> DATA RECORDS:

★ ★ ★ ★

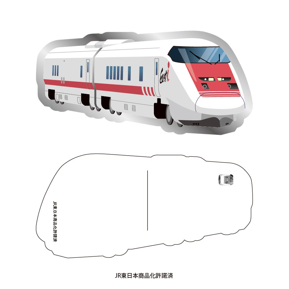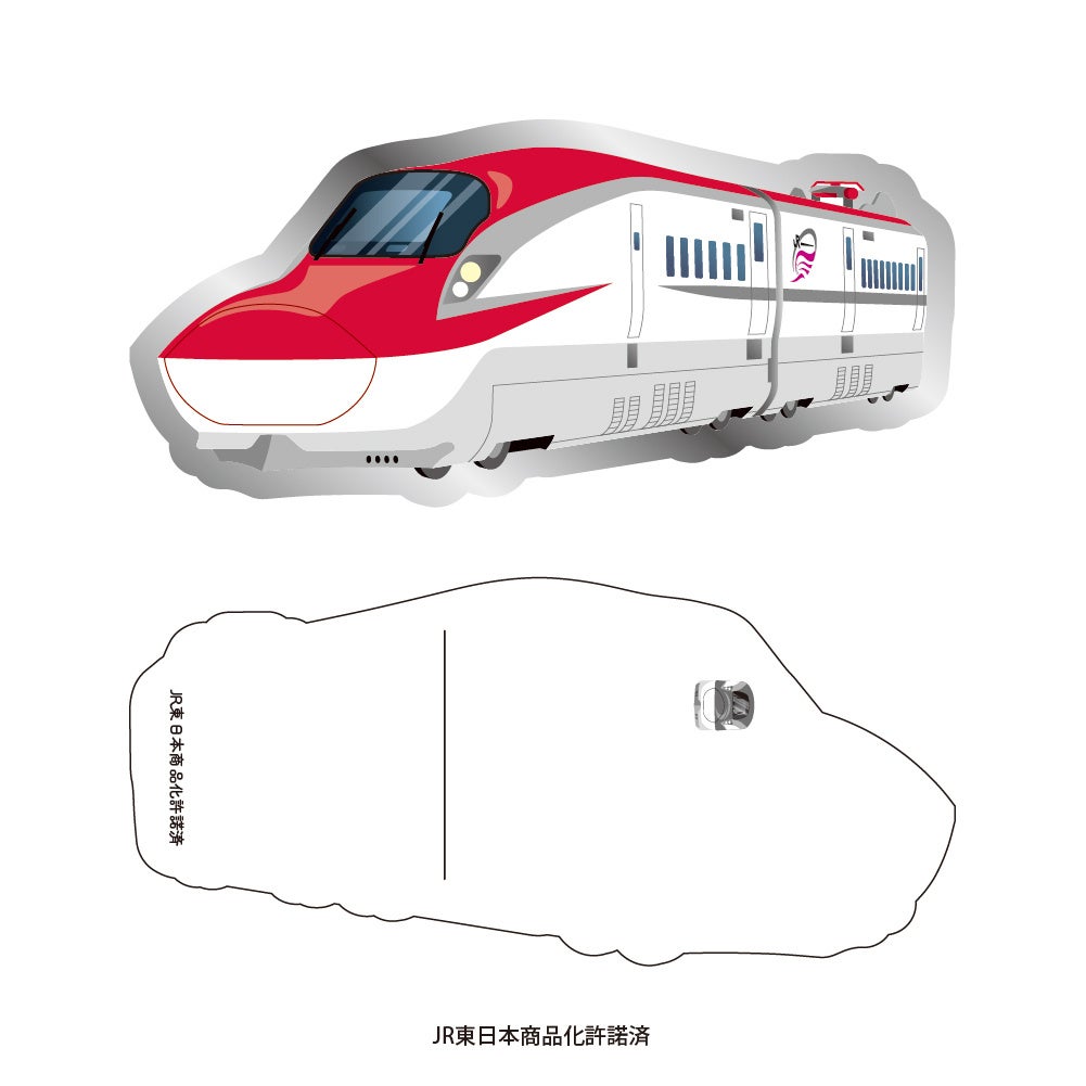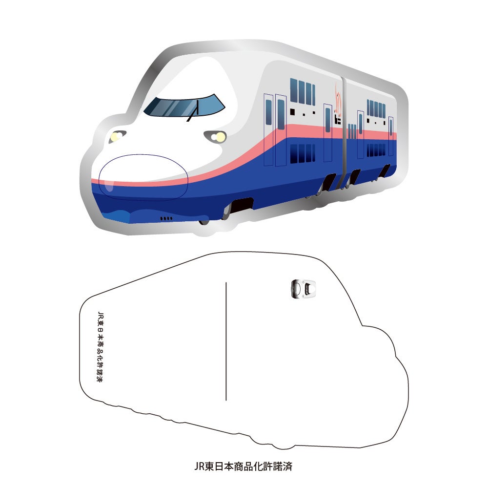 東日本旅客鉄道株式会社(JR東日本)の新幹線をモチーフにしたダイカットカードです。車体の光沢感をイメージしたメタル調の紙に、異なる角度から新幹線の車体が描かれたダイカットカード2枚がセットになっています。
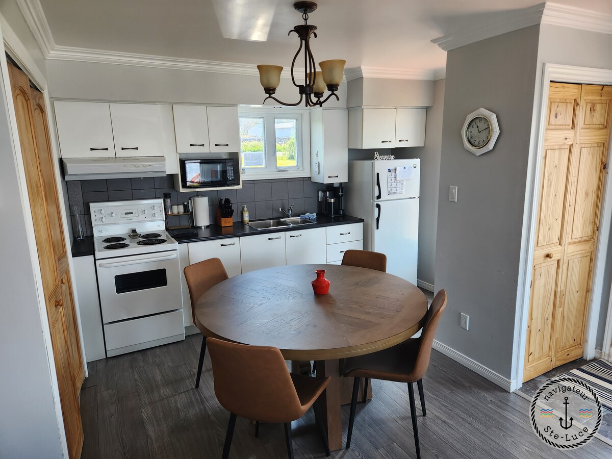सेंट लॉरेन्स नदीचे 180° पॅनोरॅमिक दृश्य. खाजगी रूफटॉप टेरेस, स्वतंत्र बेडरूम, सुसज्ज किचन, वेगवान वाय-फाय आणि विनामूल्य पार्किंग. बीच आणि सेंट-ल्यूस प्रॉमेनेडपर्यंत थोडेसे चालून जाण्याचे अंतर, L'APPÂT Buvette रेस्टॉरंटच्या शेजारी: नदीच्या दृश्यासह सीफूड, स्थानिक मांस आणि कॉकटेल्स. रिमूस्कीपासून 10 मिनिटे.
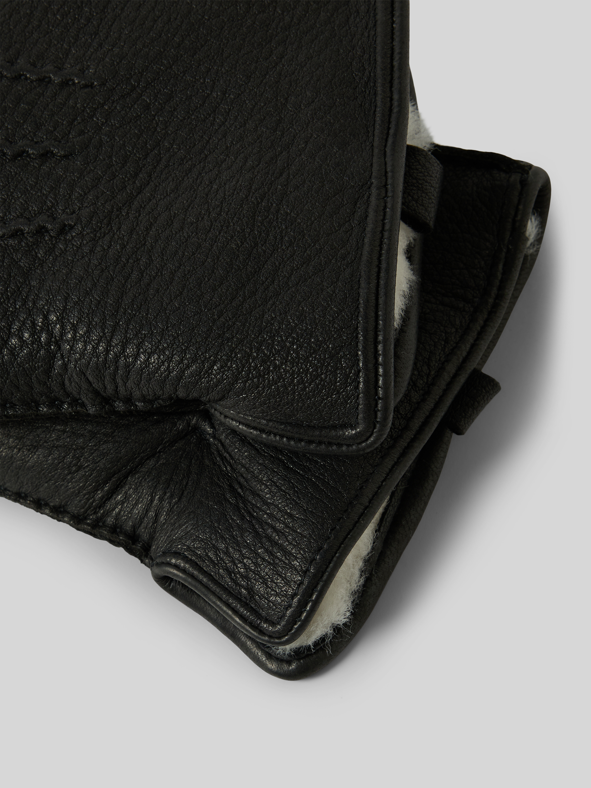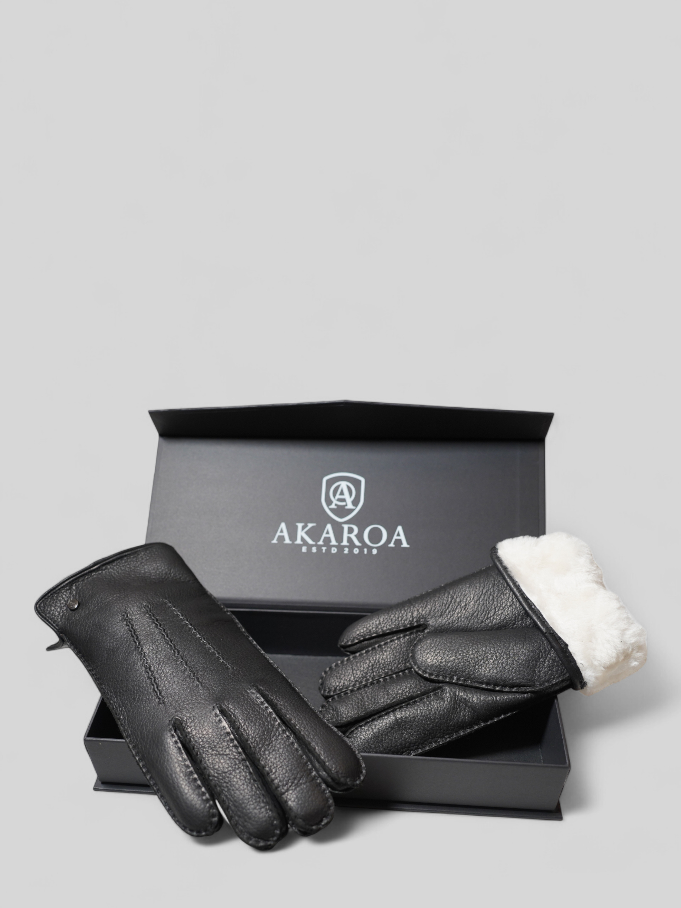 Die Herren Handschuhe von Akaroa, Modell 'BEN', verbinden handgenähte Verarbeitung mit geschmeidigem Hirschleder und sorgen durch das weiche Lammfell für angenehme Wärme. Dezente Ziernähte unterstreichen den klassischen Charakter, während das Material sanft anliegt. So eignet sich dieses Modell besonders an kalten Tagen.
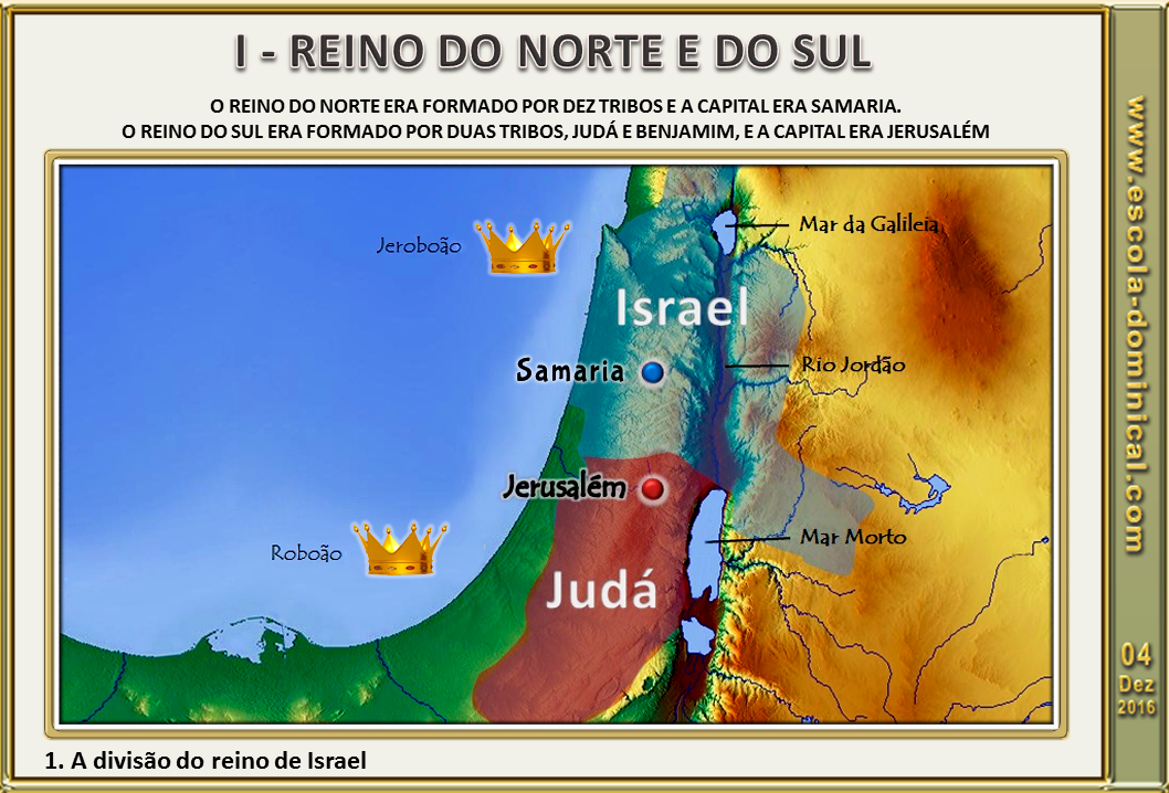 Fato marcante na história de Israel narrado no Antigo Testamento foi a divisão da nação dos hebreus em dois reinos: o Reino do Sul (Judá), com duas tribos, m.
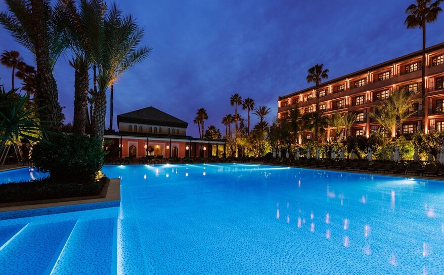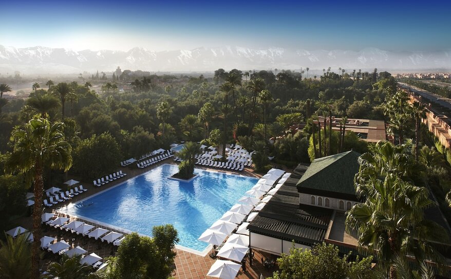 Marrakech, MoroccoLa Mamounia is an iconic luxury hotel located in Marrakech, Morocco, renowned for its stunning architecture and lush gardens. This historic property combines traditional Moroccan style with modern luxury, offering elegantly designed rooms and suites that provide a sophisticated and comfortable experience. Guests can indulge in a variety of dining options, including gourmet Moroccan and international cuisine at its acclaimed restaurants. The hotel features a lavish spa, multiple swimming pools, and beautifully landscaped gardens, perfect for relaxation. With its rich history, exquisite service, and proximity to the vibrant Medina, La Mamounia is a premier destination for travelers seeking an opulent and unforgettable stay in Marrakech.
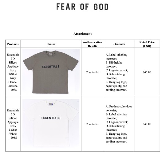 크림에 따르면 피어 오브 갓은 최근 모 패션 플랫폼을 통해 판매된 '3D 실리콘 아플리케 박시 티셔츠 20SS 화이트/차콜'이 진품인지 가품인지 재검증해 달라는 요청에 응해 검토를 진행했다.

★ ★ ★ ★

> WORK INSTRUCTION:
Please make an exact copy of the records, leaving out any picture.

> ANSWER TO THIS PROBLEM:
 東日本旅客鉄道株式会社(JR東日本)の新幹線をモチーフにしたダイカットカードです。車体の光沢感をイメージしたメタル調の紙に、異なる角度から新幹線の車体が描かれたダイカットカード2枚がセットになっています。
सेंट लॉरेन्स नदीचे 180° पॅनोरॅमिक दृश्य. खाजगी रूफटॉप टेरेस, स्वतंत्र बेडरूम, सुसज्ज किचन, वेगवान वाय-फाय आणि विनामूल्य पार्किंग. बीच आणि सेंट-ल्यूस प्रॉमेनेडपर्यंत थोडेसे चालून जाण्याचे अंतर, L'APPÂT Buvette रेस्टॉरंटच्या शेजारी: नदीच्या दृश्यासह सीफूड, स्थानिक मांस आणि कॉकटेल्स. रिमूस्कीपासून 10 मिनिटे.
 Die Herren Handschuhe von Akaroa, Modell 'BEN', verbinden handgenähte Verarbeitung mit geschmeidigem Hirschleder und sorgen durch das weiche Lammfell für angenehme Wärme. Dezente Ziernähte unterstreichen den klassischen Charakter, während das Material sanft anliegt. So eignet sich dieses Modell besonders an kalten Tagen.
 Fato marcante na história de Israel narrado no Antigo Testamento foi a divisão da nação dos hebreus em dois reinos: o Reino do Sul (Judá), com duas tribos, m.
 Marrakech, MoroccoLa Mamounia is an iconic luxury hotel located in Marrakech, Morocco, renowned for its stunning architecture and lush gardens. This historic property combines traditional Moroccan style with modern luxury, offering elegantly designed rooms and suites that provide a sophisticated and comfortable experience. Guests can indulge in a variety of dining options, including gourmet Moroccan and international cuisine at its acclaimed restaurants. The hotel features a lavish spa, multiple swimming pools, and beautifully landscaped gardens, perfect for relaxation. With its rich history, exquisite service, and proximity to the vibrant Medina, La Mamounia is a premier destination for travelers seeking an opulent and unforgettable stay in Marrakech.
 크림에 따르면 피어 오브 갓은 최근 모 패션 플랫폼을 통해 판매된 '3D 실리콘 아플리케 박시 티셔츠 20SS 화이트/차콜'이 진품인지 가품인지 재검증해 달라는 요청에 응해 검토를 진행했다.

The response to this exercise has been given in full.